### [Exercise prompt]
Reproduce the lines below verbatim. Pictures are to be omitted.

### [Raw data]
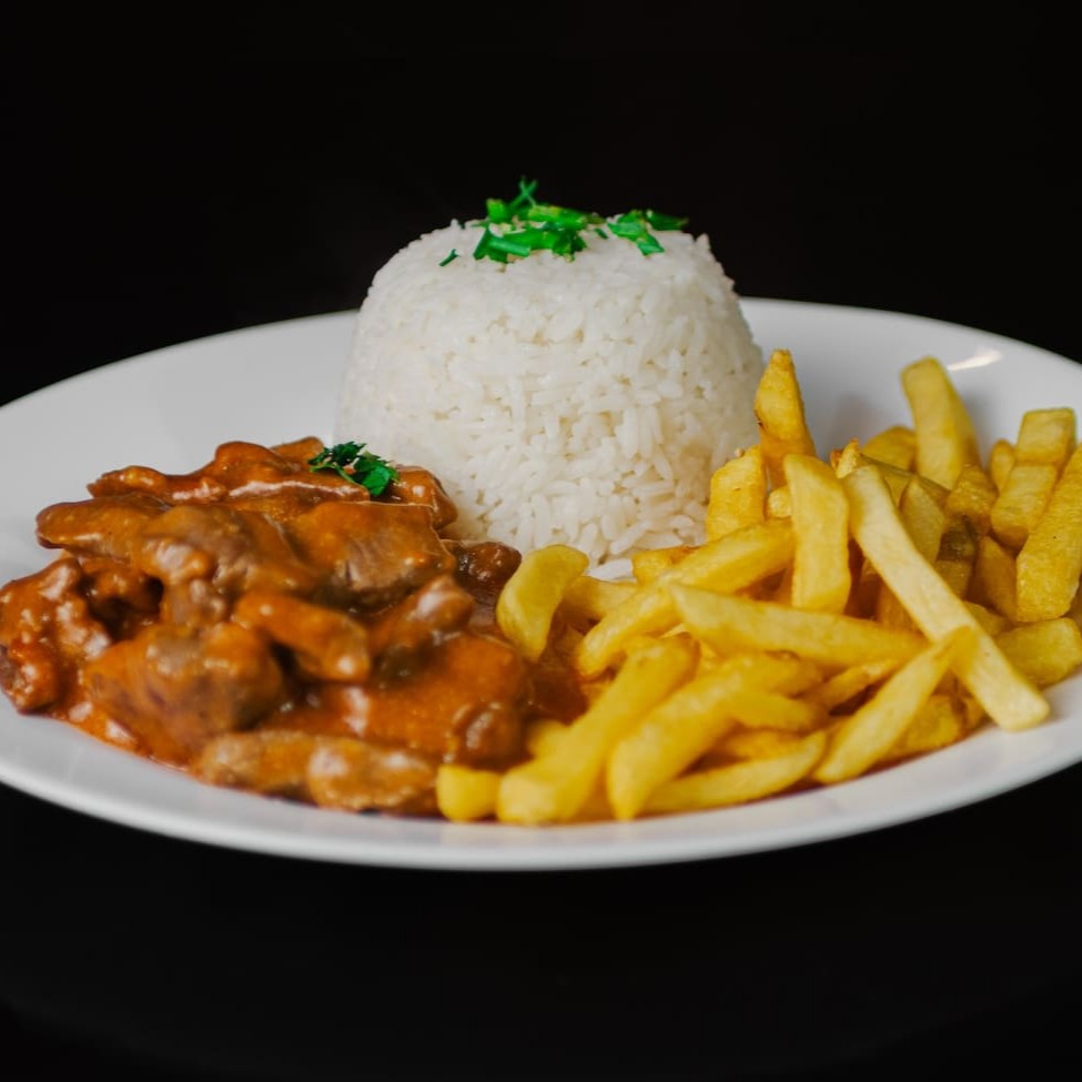 Apresentamos o Strogonoff de Carne, um clássico da culinária brasileira. Esta deliciosa marmita é composta por uma suculenta porção de Strogonoff, preparado com carne de alta qualidade, em um molho cremoso e cheio de sabor. Acompanha um arroz soltinho, perfeitamente cozido, e batatas fritas crocantes e douradas, que complementam a refeição de forma perfeita. Uma combinação irresistível que vai te
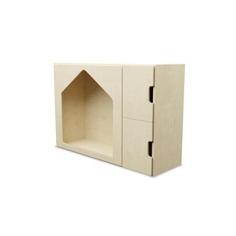Hus i plywood som blir ett eget hus i rummet. Tre hela väggar och ett tak med hål; i hålen passar t.ex. en boll av storlek tennisboll, ärtpåse eller liknande. Hemma Hus stort passar utanpå och litet passar inuti. Man kan sitta i lugn och ro i egna tankar – avskilt men ändå i rummet. Klarlackat. Mått: B87xD87xH100 cm.
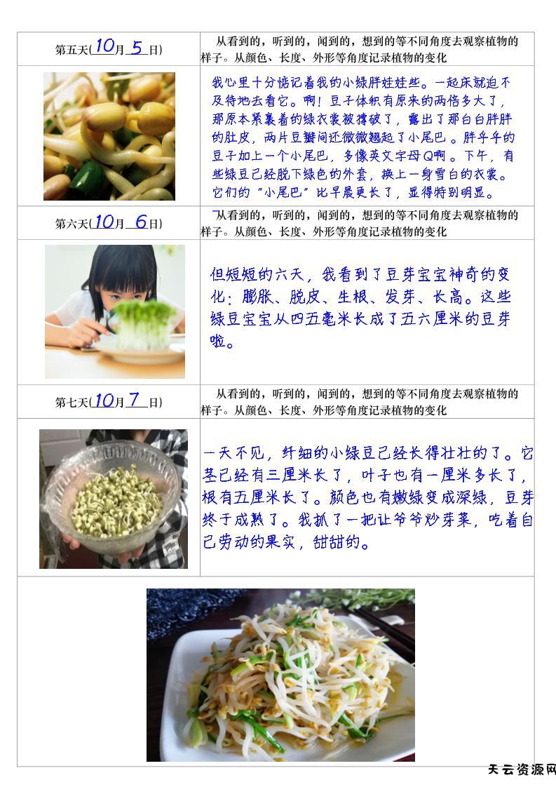 四上语文习作三:培育绿豆芽观察日记2《写观察日记》4页-天云资源网
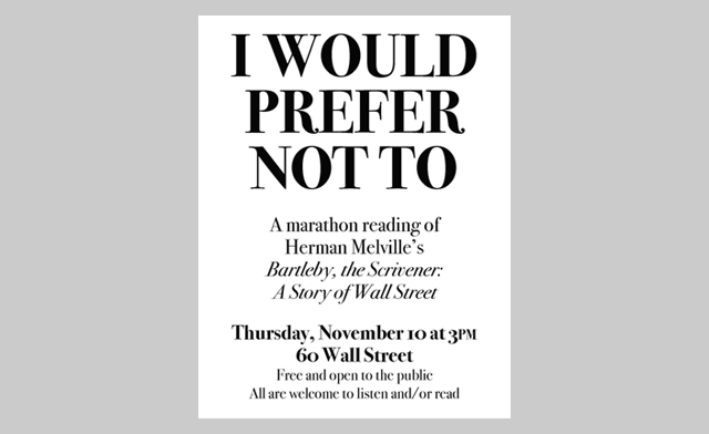 En la imagen el Cartel del Maratón de lectura de Bartleby, the scrivener: A story of Wall Street, el 10 de noviembre de 2011 en Wall Street, dentro de los actos de Occupy Wall Street

### [Response box]
 Apresentamos o Strogonoff de Carne, um clássico da culinária brasileira. Esta deliciosa marmita é composta por uma suculenta porção de Strogonoff, preparado com carne de alta qualidade, em um molho cremoso e cheio de sabor. Acompanha um arroz soltinho, perfeitamente cozido, e batatas fritas crocantes e douradas, que complementam a refeição de forma perfeita. Uma combinação irresistível que vai te
Hus i plywood som blir ett eget hus i rummet. Tre hela väggar och ett tak med hål; i hålen passar t.ex. en boll av storlek tennisboll, ärtpåse eller liknande. Hemma Hus stort passar utanpå och litet passar inuti. Man kan sitta i lugn och ro i egna tankar – avskilt men ändå i rummet. Klarlackat. Mått: B87xD87xH100 cm.
 四上语文习作三:培育绿豆芽观察日记2《写观察日记》4页-天云资源网
 En la imagen el Cartel del Maratón de lectura de Bartleby, the scrivener: A story of Wall Street, el 10 de noviembre de 2011 en Wall Street, dentro de los actos de Occupy Wall Street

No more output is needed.